Why Agents Resemble Organizations#
You might have heard of Agents resembling organizations. This is because agents mirror organizational structures:
- Each has a role
- Uses resources and tools
- Communicates and delegates
- Follows defined protocols
Part of building agents is mapping your existing workflow, including the roles, tools, and communication patterns of your organization, as agents will reflect it.
Complexity Spectrum#
The terms "agentic workflow," "agent," and "agent swarm" are widely used now, but they lack universally agreed-upon definitions.
However, somewhat of a practical consensus has emerged around their core characteristics and distinctions. My definition below is based on this consensus.
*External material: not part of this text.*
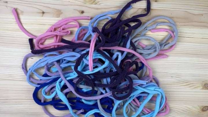 Получится трикотажная полоса из носка! Вытяните её руками, чтобы она сузилась и закрутилась. Полосы можно оставить как есть или сшить между собой, если в этом есть потребность.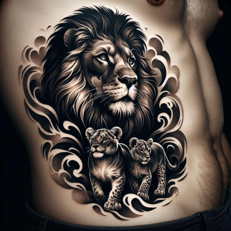Created as an AI-generated tattoo project concept, this design features a dominant adult lion flanked by two cubs, rendered in black and grey with a fluid backdrop of ornamental swirls. The composition sits on a broad side canvas, the lion’s head lifted, while the cubs step forward in a protective stance. Sweeping pattern swirls frame the animals, weaving around fur textures and forming a cohesive design. Shading relies on careful black-and-grey gradation and negative space to separate mane, eyes, and pattern work, achieving a balance between bold silhouette and subtle radiance. The lion’s calm, watchful expression communicates strength and guardianship, while the cubs convey curiosity and family bonds. The technique blends realism with graphic ornament: solid outlines, smooth gradients, stippling, and fine lines to render fur, facial features, and the surrounding pattern without sacrificing readability at larger scales. The surrounding elements act as a metaphor for lineage and protection, and the piece can be expanded into a larger sleeve or kept as a striking side tattoo. In terms of suitability, the dark ink makes this concept a prime candidate for a cover-up if desired, and the pattern motifs provide versatile options for personalization. While not tied to traditional motifs, the execution leans into black-and-grey realism with contemporary ornamental patterning, making it compatible with various placements and body art goals. As an AI-generated tattoo project, this concept offers a timeless, meaningful design that aligns with tattoo design principles and market demand; it can be adapted into a custom tattoo design with attention to skin tone and healing considerations. Keywords to optimize reach include tattoo, tattoo design, meaningful tattoos, fine line tattoo, lion and cub, black and grey, realistic tattoo, pattern, cover-up, and ink.

Level | Complexity | Definition |
---|---|---|
Agentic Workflow | Simple | LLM-based workflow with mostly deterministic logic and few branches |
Agent | Medium | Autonomous system with conditional logic and a defined goal |
Agent Swarm | High | Multiple agents coordinating with unclear endpoint |
A Concise Definition#
Here's the most concise definition I am able to come up with:
An agent is a non-deterministic state machine composed of chained function-states. Each function usually invokes an LLM or tool. Memory and context guide the agent toward a goal, until a finish condition is met.
Final Thoughts#
Agents aren't magical. They're structured, context-aware systems that combine reasoning with action. As a model for building with AI, they represent one of the most promising new approaches.
I hope this article helped clarify what agents are and how they work. While my goal was to demystify them, agents still offer a significant opportunity to create new kinds of software.